# Task
Transcribe all of the data exactly. Omit the pictures.

# Data excerpt

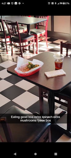 My wife and I walk in at 8:12, all the chairs are up on the desks. They close at 9... I ordered my pizza to go, and an order of fries. I get the fries quick, and am forced to eat them on the garbage can since there's absolutely nowhere to sit, 45 minutes before they close. A middle-aged white man walks in and says "folks you don't have to eat there. Please, have a seat." He takes down two chairs at a table, very cool of him. Turns out he is the owner and about the only decent human being working there.
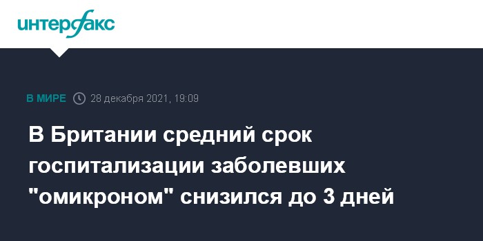 По его словам, несмотря на то, что за последние недели из-за распространения "омикрона" увеличилось количество госпитализаций, заболевание этим штаммом "представляется менее серьезным, и многие люди проводят сравнительно небольшое время в больницах". Белл подчеркнул, что средняя продолжительность госпитализации снизилась до трех дней.
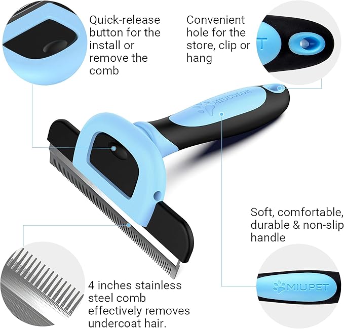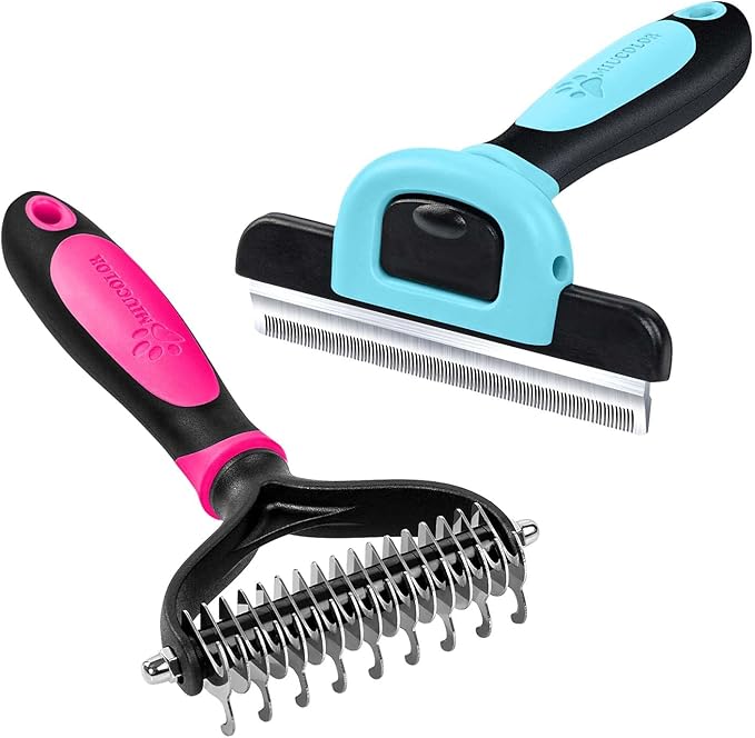 MIU COLOR Pet Grooming Brush, Deshedding Tool for Dogs & Cats(Blue) & MIU COLOR Pet Grooming Brush, 2 Sided Undercoat Rake for Dogs & Cats(Pink)

# Reply
 My wife and I walk in at 8:12, all the chairs are up on the desks. They close at 9... I ordered my pizza to go, and an order of fries. I get the fries quick, and am forced to eat them on the garbage can since there's absolutely nowhere to sit, 45 minutes before they close. A middle-aged white man walks in and says "folks you don't have to eat there. Please, have a seat." He takes down two chairs at a table, very cool of him. Turns out he is the owner and about the only decent human being working there.
 По его словам, несмотря на то, что за последние недели из-за распространения "омикрона" увеличилось количество госпитализаций, заболевание этим штаммом "представляется менее серьезным, и многие люди проводят сравнительно небольшое время в больницах". Белл подчеркнул, что средняя продолжительность госпитализации снизилась до трех дней.
 MIU COLOR Pet Grooming Brush, Deshedding Tool for Dogs & Cats(Blue) & MIU COLOR Pet Grooming Brush, 2 Sided Undercoat Rake for Dogs & Cats(Pink)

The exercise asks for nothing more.